There is a point at which fear does become unmanageable, however. If we let fear control us, we can fall prey to media and messages that prey on our fears, making us feel even more extreme. Consuming information with discernment—choosing sources that inform rather than sensationalize—helps us engage meaningfully without spiraling into helplessness and despair. Reaching despair immobilizes us just as avoidance might, believing WHAT IS is hopeless and we have no power to contribute to change.

Contribution and Burnout

Many of us want to see change and contribute to it. As a mental health care professional, I take on a burden to actively be a part of change and growth. The thought is, “I should take on difficult, uncomfortable conversations, the very thing I was trained to do, every single opportunity. I must participate in change.” This is true for me in the therapy room, and it extends to my daily life. There is a pressure to be on the “front-lines” that leads to self-criticism, such as, “I’m not doing enough.”

We must be careful with consistent self-criticisms. Though they may motivate us, when we push ourselves to do more than we can sustainably do, the weight of it all becomes too much. It leads to getting sucked into feelings of being on edge, not being able to relax, or guilt for even routine basic needs and self-care. This mindset can quickly lead to burnout.

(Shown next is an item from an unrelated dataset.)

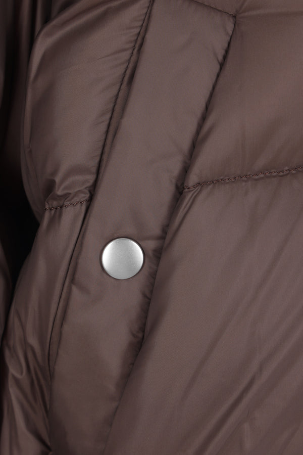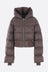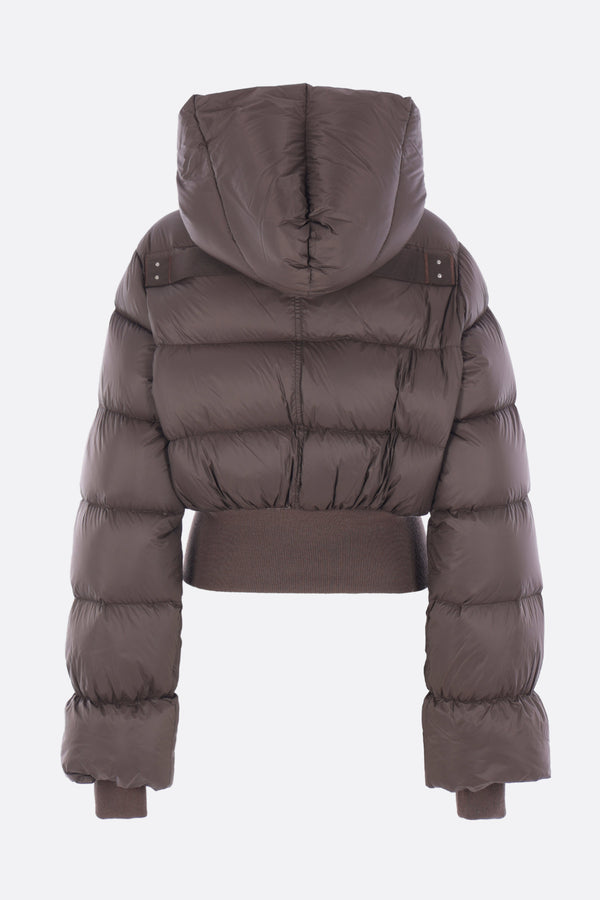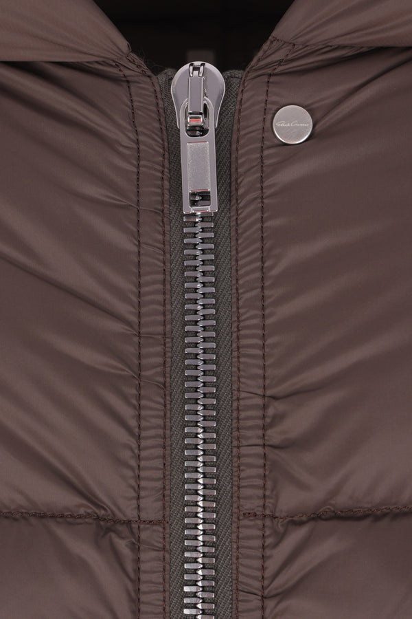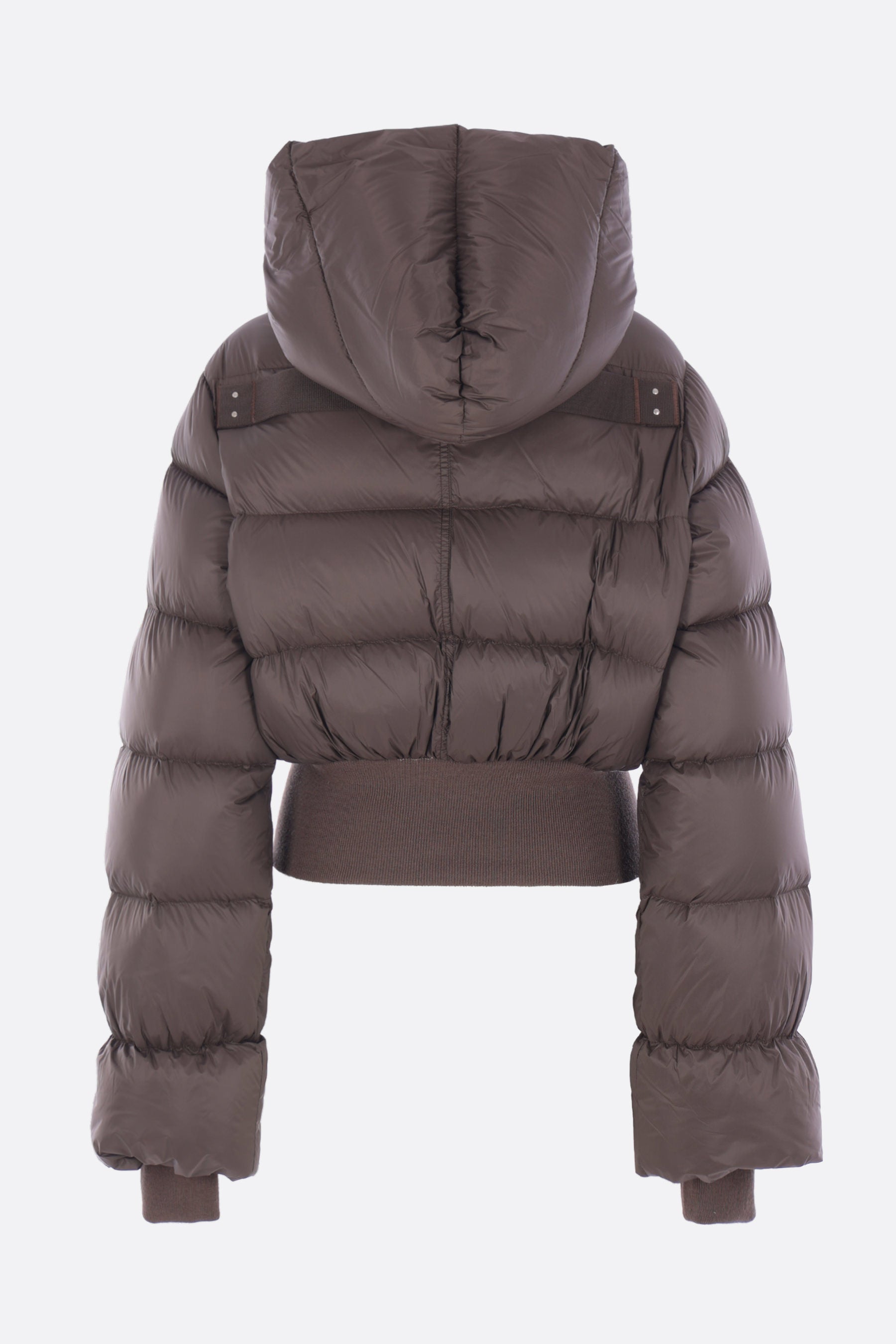 Rick Owens slightly cropped down jacket crafted from brown nylon. Featuring a classic hood, front zip fastening, welt pockets, long sleeves, and ribbed knit trims.

The deeper we go in our burnout spiral and the longer we stay on the “front-lines” without reprieve, the more we become overwhelmed by all the issues that are just too big to tackle on our own. Our physical and emotional resources become depleted, leaving us with decreased capacity to operate under the conditions we are trying to change.

Community Support

I want to elaborate a little more on what I mean by the “front-lines”. While working with one of my clients, we collaborated to create a visual to more easily discuss this sort of pressure we feel, whether it is coming from an internal place or is influenced by others around us. And what we came up with was to think about a singular community that we are a part of. We know that communities can overlap of course, but to discuss it more simply at first, we use a circle to represent this one community that we are focusing on. We acknowledge the external pressures on this community by larger society. The “front lines” is the outer ring of the circle. It represents the protective parts that interact with elements of larger society (whether that’s policies, laws, etc) or other communities and people. If you are on the “front lines”, you are advocating. You are using your voice. You are gathering and building resources. You are having difficult conversations. And while doing these things, you may be exposing yourself to greater risk of being impacted by outside influences. It is not sustainable to be on the “front lines” forever.

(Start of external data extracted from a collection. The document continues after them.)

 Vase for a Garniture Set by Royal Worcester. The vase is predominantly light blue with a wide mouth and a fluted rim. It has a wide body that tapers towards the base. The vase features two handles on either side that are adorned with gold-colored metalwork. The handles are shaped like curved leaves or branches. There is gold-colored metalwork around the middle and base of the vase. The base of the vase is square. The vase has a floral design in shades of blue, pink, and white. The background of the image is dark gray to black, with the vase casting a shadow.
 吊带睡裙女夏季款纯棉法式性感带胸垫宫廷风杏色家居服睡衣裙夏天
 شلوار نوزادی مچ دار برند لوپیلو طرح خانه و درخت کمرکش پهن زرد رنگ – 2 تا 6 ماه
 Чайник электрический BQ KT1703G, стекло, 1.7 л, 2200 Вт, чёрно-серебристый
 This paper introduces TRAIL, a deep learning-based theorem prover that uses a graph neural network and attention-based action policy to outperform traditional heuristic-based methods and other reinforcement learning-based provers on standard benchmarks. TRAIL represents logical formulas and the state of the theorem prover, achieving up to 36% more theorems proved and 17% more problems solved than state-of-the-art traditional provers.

Moving to the inside of the circle and seeking support can be restorative for both you and others. When we feel afraid, we can validate and reassure each other. When we become overwhelmed, we can help each other ground ourselves and motivate each other forward. We can engage in self-care and give others permission to do the same. We show up and engage in safe spaces, and contribute to the safety of those spaces with our mindful presence. Interacting within the community is just as important as being a part of the front lines. 

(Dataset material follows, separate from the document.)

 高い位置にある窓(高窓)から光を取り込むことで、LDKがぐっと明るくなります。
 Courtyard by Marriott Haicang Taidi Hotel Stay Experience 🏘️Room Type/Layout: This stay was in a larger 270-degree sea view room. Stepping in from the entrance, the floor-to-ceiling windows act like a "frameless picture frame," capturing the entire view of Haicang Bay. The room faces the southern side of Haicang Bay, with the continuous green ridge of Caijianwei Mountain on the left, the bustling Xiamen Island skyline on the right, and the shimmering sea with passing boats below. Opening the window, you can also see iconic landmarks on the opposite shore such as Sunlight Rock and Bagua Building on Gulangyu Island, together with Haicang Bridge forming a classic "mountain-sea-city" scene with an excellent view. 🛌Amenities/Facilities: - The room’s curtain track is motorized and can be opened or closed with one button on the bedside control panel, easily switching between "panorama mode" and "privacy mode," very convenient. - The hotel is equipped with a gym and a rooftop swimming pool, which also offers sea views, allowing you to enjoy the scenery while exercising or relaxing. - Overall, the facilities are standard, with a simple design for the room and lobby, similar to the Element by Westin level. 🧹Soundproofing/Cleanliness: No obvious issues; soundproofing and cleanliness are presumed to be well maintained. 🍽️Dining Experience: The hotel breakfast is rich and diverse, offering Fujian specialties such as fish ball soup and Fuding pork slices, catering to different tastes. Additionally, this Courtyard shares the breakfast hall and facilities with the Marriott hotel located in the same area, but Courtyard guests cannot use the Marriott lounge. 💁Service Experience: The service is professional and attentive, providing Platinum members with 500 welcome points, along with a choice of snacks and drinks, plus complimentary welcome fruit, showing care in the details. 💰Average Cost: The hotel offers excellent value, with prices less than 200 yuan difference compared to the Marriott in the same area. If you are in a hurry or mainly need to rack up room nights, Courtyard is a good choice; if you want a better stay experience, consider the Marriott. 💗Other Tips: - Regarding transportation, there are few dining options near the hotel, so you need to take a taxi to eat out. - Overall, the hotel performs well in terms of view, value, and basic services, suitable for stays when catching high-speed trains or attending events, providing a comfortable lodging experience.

It’s important to remind ourselves that we do stand with others, that we do stand together. We are participating on the front lines of change. And it’s okay to retreat back and welcome the mutual support that community offers. And the only person who can evaluate where you are able to be and when, is you. 

Invitation to Reflect

  • Are you struggling with any of the emotional experiences described here? Do you feel that you are switching between any of them?
  • Using the visual, which part of the circle would you say you are the most? Where are you right now?
  • What support would be helpful to you right now? What support can you offer to others?
  • If moving to a different spot in the circle would benefit you, what small action can you take today to move in that direction?